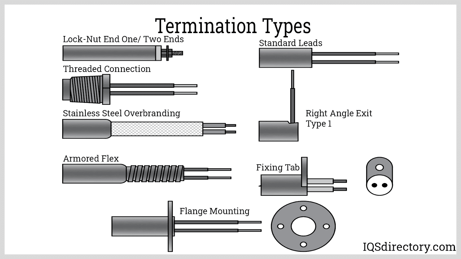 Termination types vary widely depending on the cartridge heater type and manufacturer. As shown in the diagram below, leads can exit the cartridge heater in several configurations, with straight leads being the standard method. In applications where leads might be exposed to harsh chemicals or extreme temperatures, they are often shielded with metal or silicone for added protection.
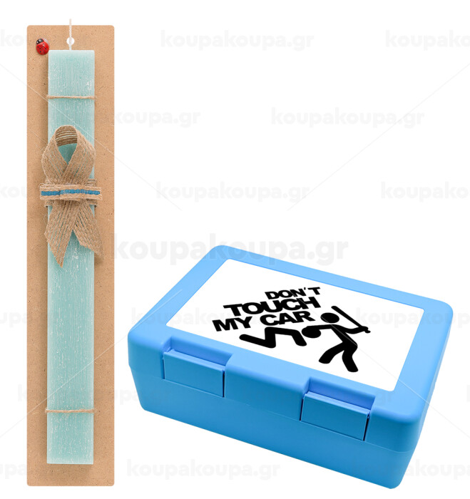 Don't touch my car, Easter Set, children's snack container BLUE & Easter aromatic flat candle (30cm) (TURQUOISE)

---

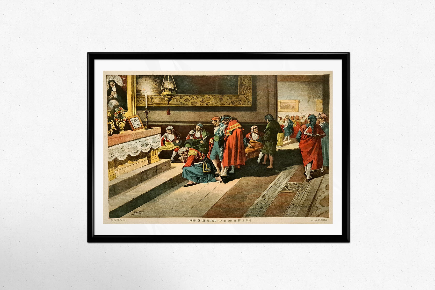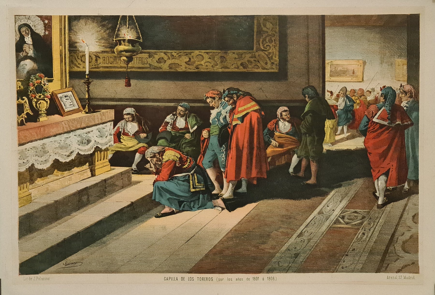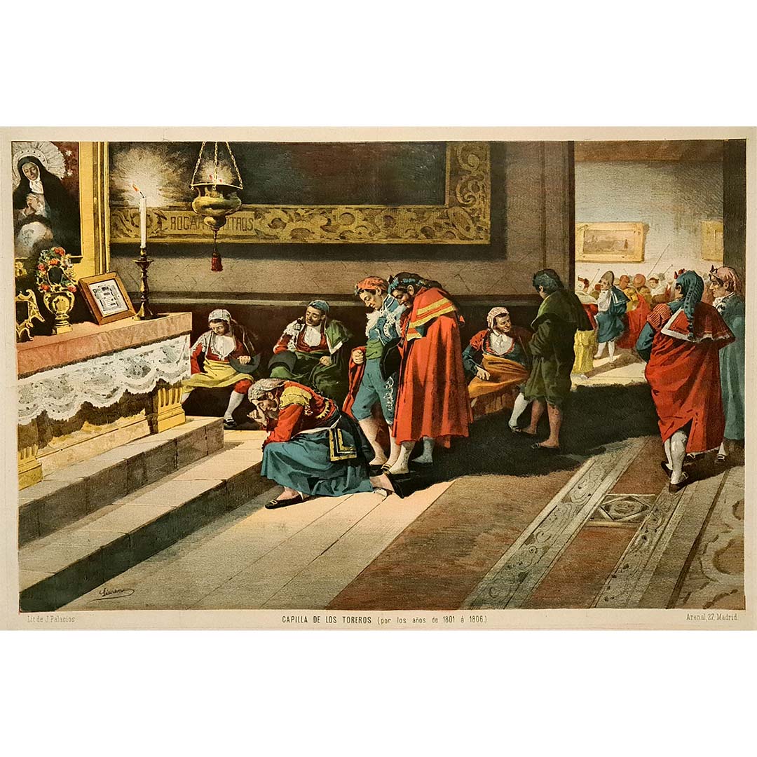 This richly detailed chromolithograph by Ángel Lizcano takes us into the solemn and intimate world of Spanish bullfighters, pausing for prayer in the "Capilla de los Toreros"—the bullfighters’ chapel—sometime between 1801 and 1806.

Problem description: Copy the lines above between the one holding "Termination types vary" and the one holding "Don't touch my", inclusive. Drop the pictures.

Output:
 Termination types vary widely depending on the cartridge heater type and manufacturer. As shown in the diagram below, leads can exit the cartridge heater in several configurations, with straight leads being the standard method. In applications where leads might be exposed to harsh chemicals or extreme temperatures, they are often shielded with metal or silicone for added protection.
 Don't touch my car, Easter Set, children's snack container BLUE & Easter aromatic flat candle (30cm) (TURQUOISE)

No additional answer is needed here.